LOL. I commented about this on FB on tuesday. The finish on the engine cover was shocking and you could see were the pads had been stopped on the paint.


----------



## Pezza4u (Jun 7, 2007)

Watched this earlier and was just amazed at his technique. Slap the polish on, loads of water and move the rotary back and forwards really fast. Would've loved to have seen the finish in the sun :lol:


----------



## Phil H (May 14, 2006)

Love wheeler dealers lol but somtimes there are some shocking moments and small things they should mention or change on a car that they seem to leave out. 

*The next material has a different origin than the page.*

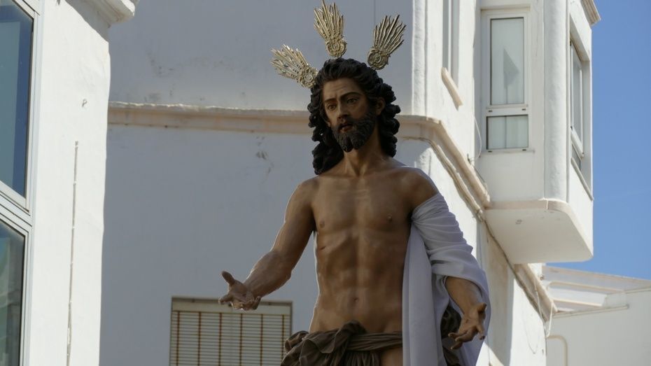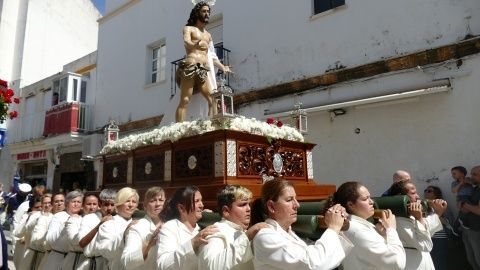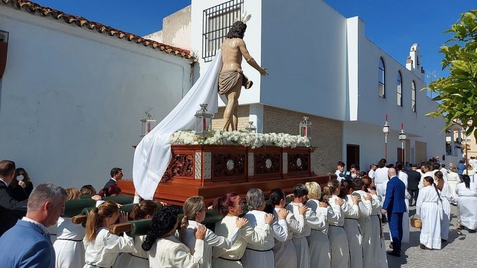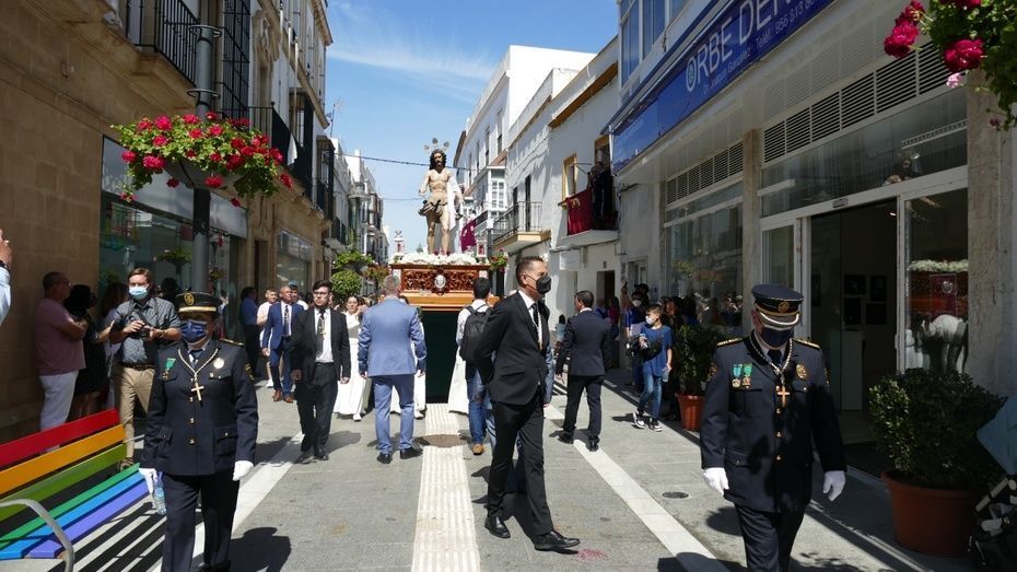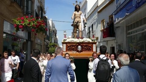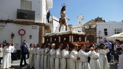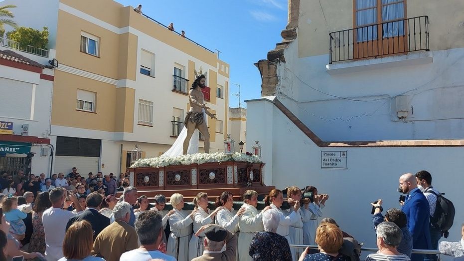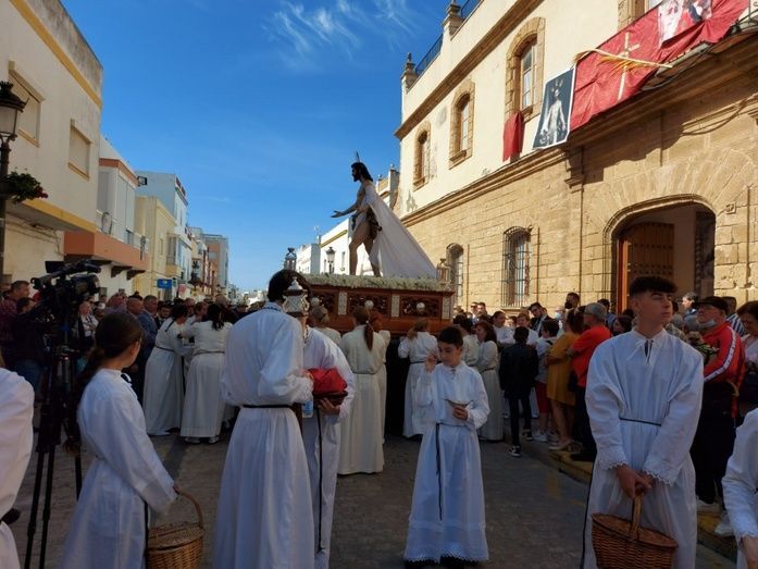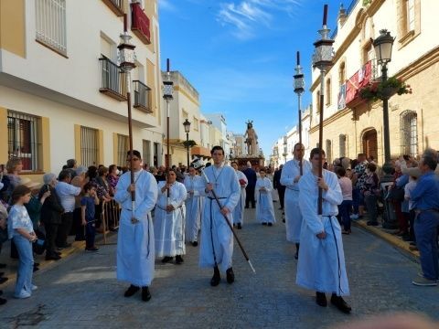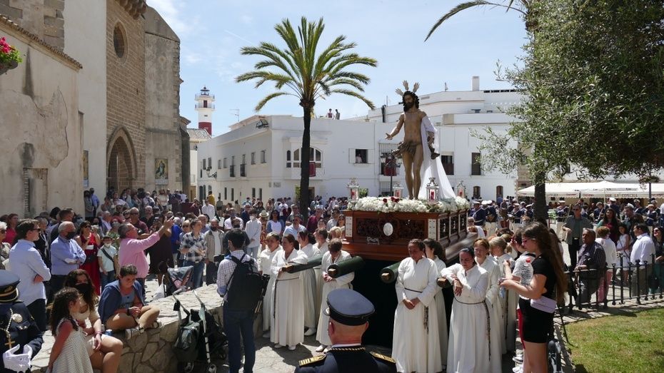 Las cargadoras de la Hermandad del Amor, que el Lunes Santo se quedaron con la pena de no poder procesionar por la lluvia para llevar a su Esperanza del Calvario, llevaban hoy a Nuestro Padre Jesús Resucitado con esfuerzo, con mucho calor, pero con el buen hacer que les caracteriza y recibiendo en algunos momentos del recorrido palabras de ánimo conscientes el público de que las altas temperaturas estaban haciendo aún más duro el procesionar del paso. A las órdenes de Sergio Laynez Bejarano y al son de la Banda de Cornetas "Alfonso X El Sabio" de El Puerto de Santa María, han recorrido las calles desde la parroquia de Nuestra Señora del Carmen hasta el casco histórico, por donde se ha congregado un mayor número de ciudadanos para despedir esta Semana Santa que dice adiós con un sol de justicia que tiene a medio pueblo en las calles viendo el paso y al otro medio disfrutando de la playa.

Was nice to see him using the 3M range but his technique is still pretty bad lol, but hey its a quick turn round, makes them a profit and thats what they want.


----------



## Trip tdi (Sep 3, 2008)

I Missed this one, does anyone know when the repeat is on next ?


----------



## stangalang (Nov 27, 2009)

Phil H said:


> Love wheeler dealers lol but somtimes there are some shocking moments and small things they should mention or change on a car that they seem to leave out.
> 
> Was nice to see him using the 3M range but his technique is still pretty bad lol, but hey its a quick turn round, makes them a profit and thats what they want.

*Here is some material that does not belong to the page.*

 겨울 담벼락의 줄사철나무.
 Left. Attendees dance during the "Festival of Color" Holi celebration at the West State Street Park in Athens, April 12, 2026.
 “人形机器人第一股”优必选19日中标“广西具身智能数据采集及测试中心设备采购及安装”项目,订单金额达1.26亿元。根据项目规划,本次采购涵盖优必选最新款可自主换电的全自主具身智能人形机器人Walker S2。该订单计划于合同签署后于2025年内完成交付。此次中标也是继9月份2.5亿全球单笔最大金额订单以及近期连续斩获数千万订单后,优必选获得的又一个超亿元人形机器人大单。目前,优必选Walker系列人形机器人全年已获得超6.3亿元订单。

Tis true. Can't help thinking he should have thrown a reach around in for that poor farmer though before he mugged him lol


----------



## AaronGTi (Nov 2, 2010)

Or is it on youtube?


----------



## cptzippy (Apr 4, 2012)

Remember the C4 Corvette they did a few series back. Never seen so much black spray paint and black astroturf in my life. I've been catching the current series on youtube - last one I saw was the Renault Alpina.


----------



## AndyKay (Mar 4, 2012)

just watched it now - couldnt believe how the compound was just running away from the pad with all that water he sprayed on. 
It looked like it bad paint anyway - (mouldy) orange peel look

"owdaachyourand"


----------



## blader1611 (Mar 2, 2012)

you can see in some of the final shots the paint on the front is really patchy. Also there is a shot and the paint is as peely as a lepers face!


----------



## mnmc (May 26, 2011)

I also noticed the 3M stuff and said to my missus who replied with 'oh right, lovely' while giving me an odd look. :tumbleweed:

It's 'make it look good and sell it' route with wheeler dealer, I think if Mike had his way thou he'd still be blacking and shining up the trim and tyres with shoe polish and baby oil. (The good ole' days)

Ed's own company is in vinyl wrapping, so he's probably used to hiding dodgy paint work. :lol: (Wonder where he went wrong with the VW camper wrap:doublesho)


----------